Information shown –
##############################
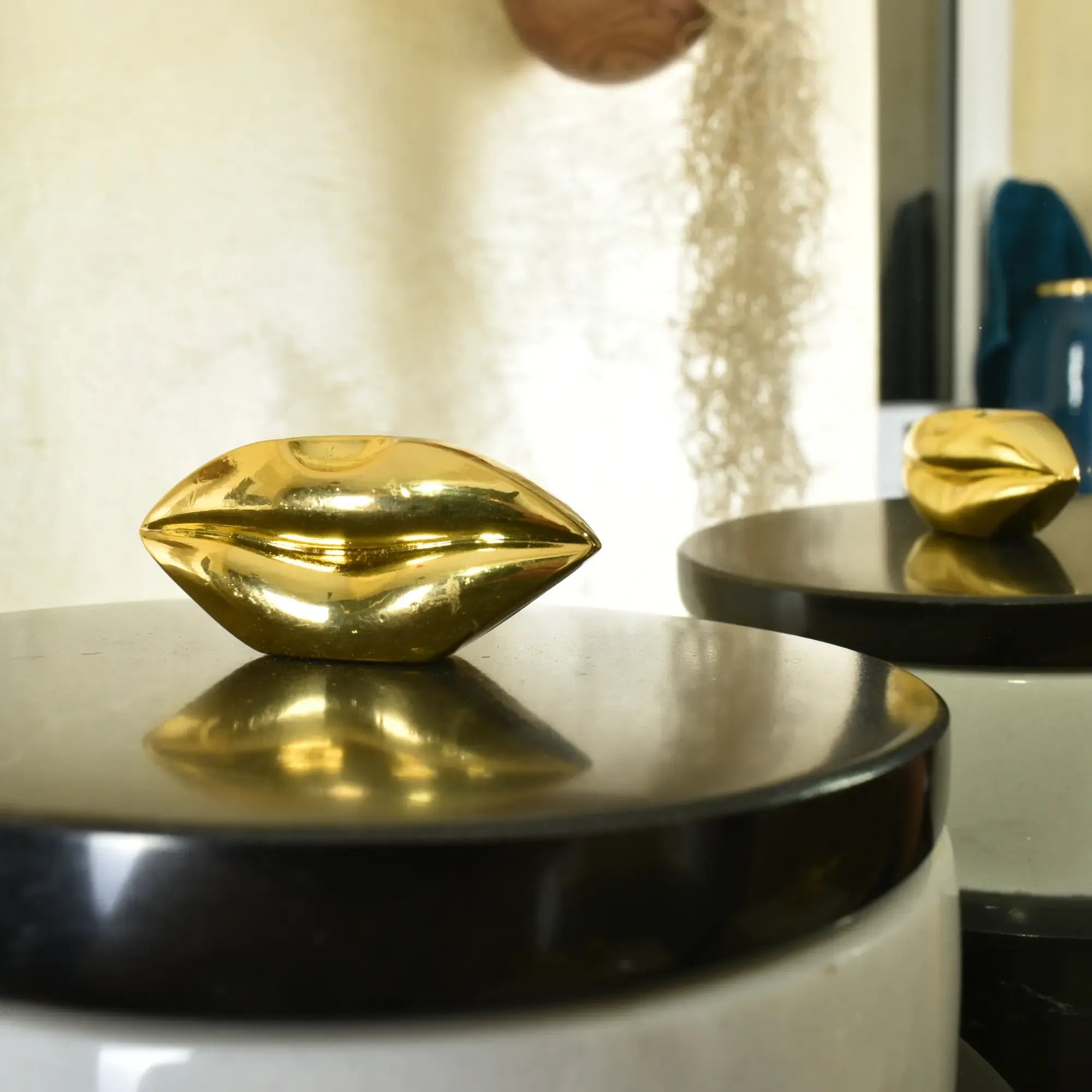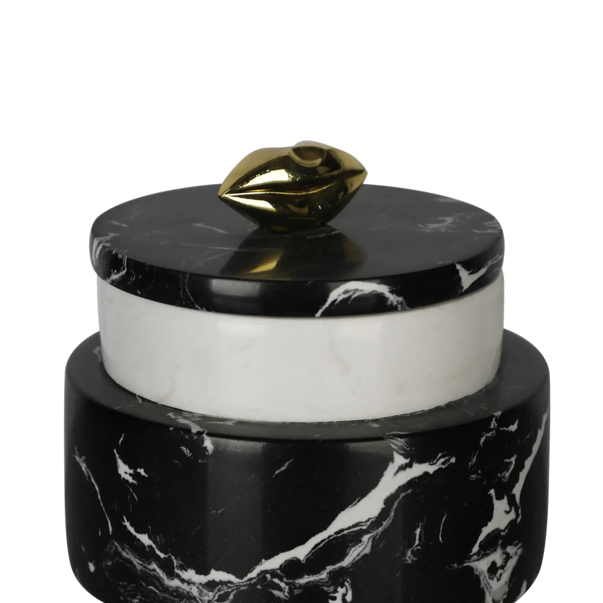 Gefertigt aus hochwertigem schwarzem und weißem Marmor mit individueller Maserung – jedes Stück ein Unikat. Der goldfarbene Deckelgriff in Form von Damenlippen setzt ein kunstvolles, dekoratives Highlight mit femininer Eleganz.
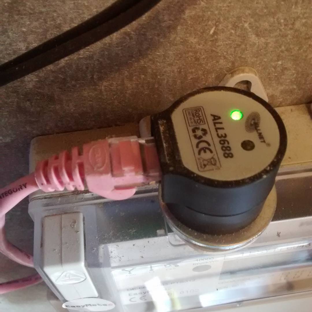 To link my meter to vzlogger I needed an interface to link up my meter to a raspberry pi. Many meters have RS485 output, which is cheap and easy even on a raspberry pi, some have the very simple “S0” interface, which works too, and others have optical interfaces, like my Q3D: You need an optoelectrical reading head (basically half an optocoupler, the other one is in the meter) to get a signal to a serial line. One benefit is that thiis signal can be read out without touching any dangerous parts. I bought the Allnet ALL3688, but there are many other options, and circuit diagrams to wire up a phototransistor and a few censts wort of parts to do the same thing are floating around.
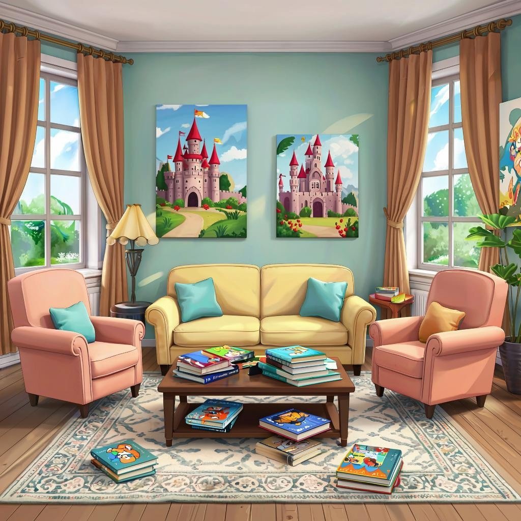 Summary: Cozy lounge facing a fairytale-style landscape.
##############################
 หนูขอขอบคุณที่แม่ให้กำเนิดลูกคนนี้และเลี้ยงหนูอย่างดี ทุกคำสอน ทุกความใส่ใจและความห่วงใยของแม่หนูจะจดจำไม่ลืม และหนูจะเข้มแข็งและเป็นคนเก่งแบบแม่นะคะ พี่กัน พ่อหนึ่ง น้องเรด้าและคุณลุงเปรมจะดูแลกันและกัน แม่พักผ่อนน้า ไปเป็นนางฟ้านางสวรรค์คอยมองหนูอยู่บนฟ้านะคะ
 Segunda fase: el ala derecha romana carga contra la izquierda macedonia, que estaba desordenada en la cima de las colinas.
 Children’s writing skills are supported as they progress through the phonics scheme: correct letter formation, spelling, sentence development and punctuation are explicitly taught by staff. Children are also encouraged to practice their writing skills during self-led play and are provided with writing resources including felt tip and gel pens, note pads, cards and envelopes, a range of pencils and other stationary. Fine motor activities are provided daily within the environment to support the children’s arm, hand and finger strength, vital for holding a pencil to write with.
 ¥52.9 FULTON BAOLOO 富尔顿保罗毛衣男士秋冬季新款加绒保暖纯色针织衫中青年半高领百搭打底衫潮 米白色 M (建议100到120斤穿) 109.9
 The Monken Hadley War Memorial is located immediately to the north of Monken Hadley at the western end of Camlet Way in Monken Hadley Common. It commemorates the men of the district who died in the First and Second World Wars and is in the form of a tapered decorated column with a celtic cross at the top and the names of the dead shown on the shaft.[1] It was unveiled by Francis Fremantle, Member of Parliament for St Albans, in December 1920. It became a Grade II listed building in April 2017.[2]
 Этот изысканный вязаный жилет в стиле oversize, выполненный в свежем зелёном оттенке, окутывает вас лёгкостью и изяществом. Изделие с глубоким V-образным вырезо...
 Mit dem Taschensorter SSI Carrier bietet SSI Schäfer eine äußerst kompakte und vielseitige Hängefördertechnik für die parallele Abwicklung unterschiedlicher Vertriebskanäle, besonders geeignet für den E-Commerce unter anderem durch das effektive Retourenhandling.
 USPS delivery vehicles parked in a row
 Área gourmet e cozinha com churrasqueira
##############################
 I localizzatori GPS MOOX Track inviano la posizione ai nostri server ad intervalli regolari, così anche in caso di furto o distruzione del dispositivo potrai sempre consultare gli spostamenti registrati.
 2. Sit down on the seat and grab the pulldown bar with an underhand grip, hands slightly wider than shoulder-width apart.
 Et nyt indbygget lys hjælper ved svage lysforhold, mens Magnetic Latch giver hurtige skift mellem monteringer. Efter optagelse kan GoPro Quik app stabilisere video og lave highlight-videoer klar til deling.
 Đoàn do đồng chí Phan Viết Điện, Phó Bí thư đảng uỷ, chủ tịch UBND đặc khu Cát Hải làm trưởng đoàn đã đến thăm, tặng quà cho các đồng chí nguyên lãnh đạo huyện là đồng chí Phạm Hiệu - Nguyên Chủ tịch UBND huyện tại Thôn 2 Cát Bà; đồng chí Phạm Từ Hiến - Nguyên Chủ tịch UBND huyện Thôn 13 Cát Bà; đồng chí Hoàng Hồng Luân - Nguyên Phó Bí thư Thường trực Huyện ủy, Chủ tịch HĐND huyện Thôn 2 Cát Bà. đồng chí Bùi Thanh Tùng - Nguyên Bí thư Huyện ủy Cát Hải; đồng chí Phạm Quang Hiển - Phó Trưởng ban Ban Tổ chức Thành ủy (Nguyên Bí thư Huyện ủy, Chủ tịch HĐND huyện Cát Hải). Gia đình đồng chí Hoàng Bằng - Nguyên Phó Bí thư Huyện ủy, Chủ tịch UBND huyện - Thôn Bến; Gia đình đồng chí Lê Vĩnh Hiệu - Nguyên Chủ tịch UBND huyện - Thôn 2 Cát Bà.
##############################
Activity – In the records above, find the line with "The Monken Hadley"; write out exactly that line and each one after it, stopping after the line with "Área gourmet e cozinha com churrasqueira".

Solution to this exercise –
 The Monken Hadley War Memorial is located immediately to the north of Monken Hadley at the western end of Camlet Way in Monken Hadley Common. It commemorates the men of the district who died in the First and Second World Wars and is in the form of a tapered decorated column with a celtic cross at the top and the names of the dead shown on the shaft.[1] It was unveiled by Francis Fremantle, Member of Parliament for St Albans, in December 1920. It became a Grade II listed building in April 2017.[2]
 Этот изысканный вязаный жилет в стиле oversize, выполненный в свежем зелёном оттенке, окутывает вас лёгкостью и изяществом. Изделие с глубоким V-образным вырезо...
 Mit dem Taschensorter SSI Carrier bietet SSI Schäfer eine äußerst kompakte und vielseitige Hängefördertechnik für die parallele Abwicklung unterschiedlicher Vertriebskanäle, besonders geeignet für den E-Commerce unter anderem durch das effektive Retourenhandling.
 USPS delivery vehicles parked in a row
 Área gourmet e cozinha com churrasqueira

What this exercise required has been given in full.